What you will do: Your copy should begin at the line containing "Tessuto Satin a" and end at the last line of the records; transcribe those lines exactly and leave out every picture.
**********
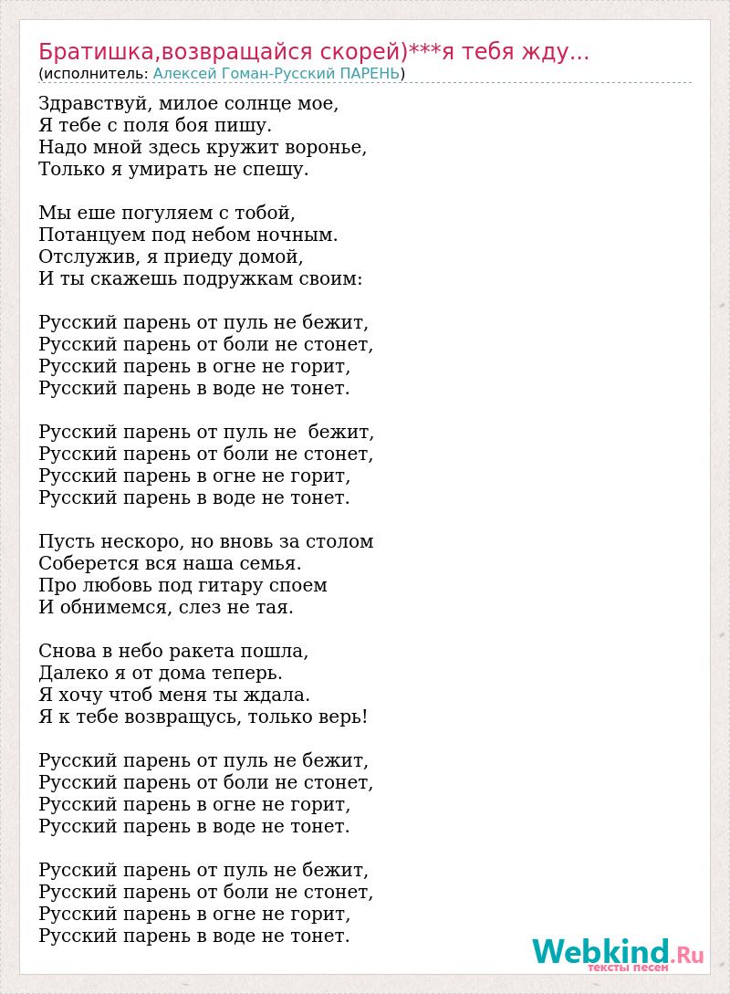 Здравствуй, милое солнце мое, Я тебе с поля боя пишу. Надо мной здесь кружит воронье, Только я умирать не спешу. Мы еше погуляем с тобой, Потанцуем под небом ночным. Отслужив, я приеду домой, И ты скажешь подружкам своим: Русский парень от пуль не бежит, Русский парень от боли не стонет, Русский парень в огне не горит, Русский парень в воде не тонет. Русский парень от пуль не бежит, Русский парень от боли не стонет, Русский парень в огне не горит, Русский парень в воде не тонет. Пусть нескоро, но вновь за столом Соберется вся наша семья. Про любовь под гитару споем И обнимемся, слез не тая. Снова в небо ракета пошла, Далеко я от дома теперь. Я хочу чтоб меня ты ждала. Я к тебе возвращусь, только верь! Русский парень от пуль не бежит, Русский парень от боли не стонет, Русский парень в огне не горит, Русский парень в воде не тонет. Русский парень от пуль не бежит, Русский парень от боли не стонет, Русский парень в огне не горит, Русский парень в воде не тонет.
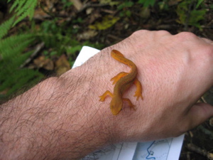 Perhaps two lovely little red efts, which are actually strikingly orange?
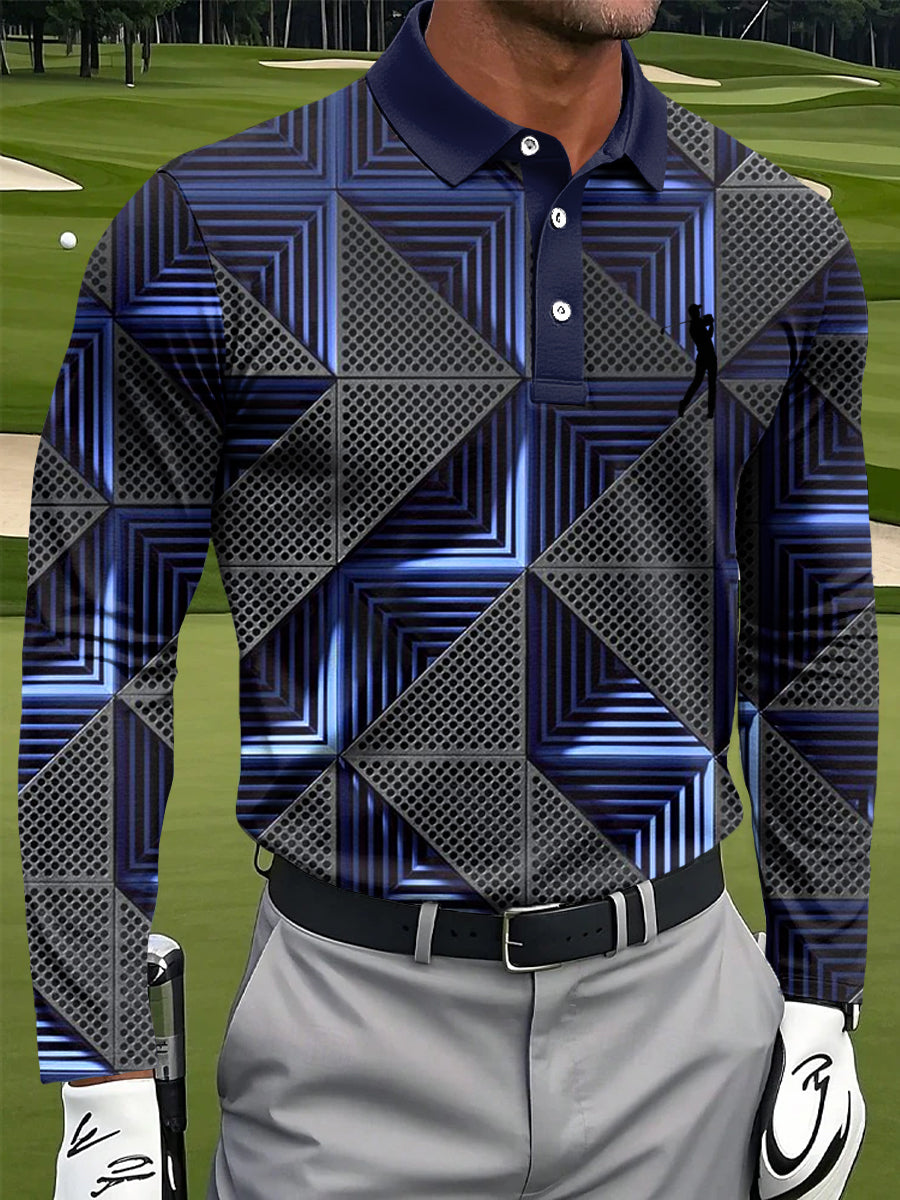 Polo à manches longues décontracté à imprimé géométrique symétrique rétro pour hommes
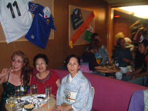 2日目の朝食のあと、山川夫人が追い駆けてきて、茶髪でド派手な若作りの女性を紹介してくれた。72才というがスタイル抜群で唄って踊るのが大好き,98 日の船旅だから98枚ドレスを持ってきたというお洒落です 。
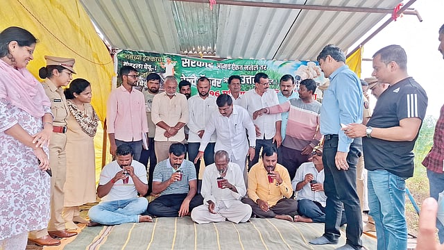 पलूस : वसगडे (ता. पलूस) येथील रेल्वेमुळे 195 गुंठे जमीन रेल्वेमुळे बाधित झाली होती. पण महसूल विभागाने केलेल्या मोजणीनुसार फक्त 55 गुंठे जमिनीचा मोबदला व त्याचे व्याज रेल्वे देण्यास तयार होती. त्यामुळे वसगडे येथील रेल्वे बाधित शेतकर्यांनी मागील 38 महिन्यांपासून जलसमाधी आंदोलन, रेल्वे रोको आंदोलन चालू केले होते. या आंदोलनामुळे अर्धे यश शेतकर्यांना मिळाले होते. परंतु 14 जुलैपासून शेतकर्यांना मिळणार्या मोबदल्याविषयी रेल्वे बाधित शेतकर्यांनी उपोषण सुरू केले होते. मागण्या मान्य झाल्याशिवाय उपोषण सोडणार नसल्याचा आक्रमक पवित्रा उपोषणकर्त्यांनी घेतला होता.
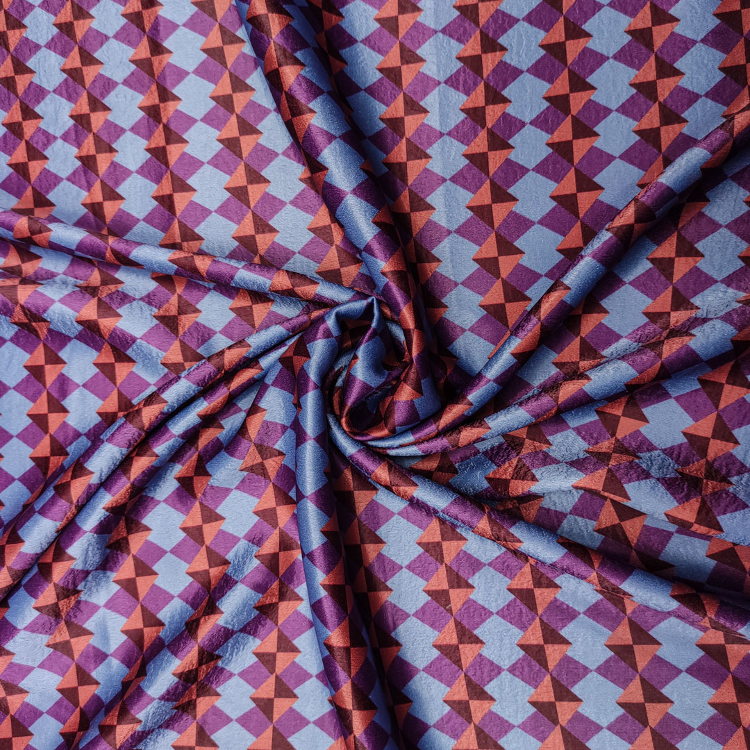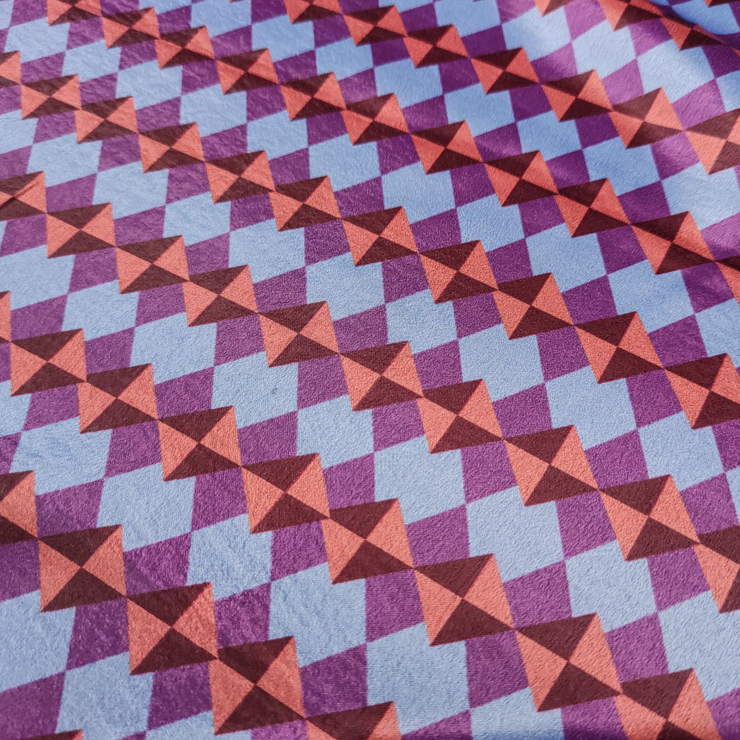Tessuto Satin a fantasia motivo geometrico ruggine – carta da zucchero – viola
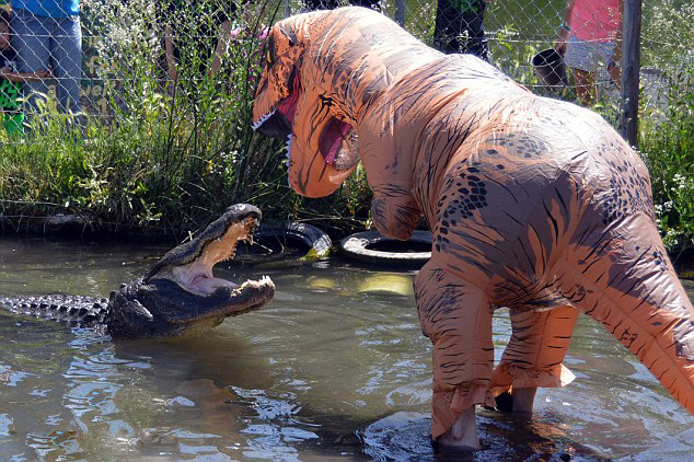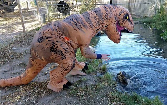 【環(huán)球網(wǎng)綜合報道】據(jù)英國《每日郵報》10月26日報道,在美國科羅拉多州的鱷魚爬行動物園,一名男管理員把自己打扮成“霸王龍”,手里還拿著一條魚戲弄水中大鱷魚,好在這條名為莫里斯(Morris)的鱷魚經(jīng)過訓(xùn)練,未對該男子造成傷害。
**********
Output of the exercise:
Tessuto Satin a fantasia motivo geometrico ruggine – carta da zucchero – viola
 【環(huán)球網(wǎng)綜合報道】據(jù)英國《每日郵報》10月26日報道,在美國科羅拉多州的鱷魚爬行動物園,一名男管理員把自己打扮成“霸王龍”,手里還拿著一條魚戲弄水中大鱷魚,好在這條名為莫里斯(Morris)的鱷魚經(jīng)過訓(xùn)練,未對該男子造成傷害。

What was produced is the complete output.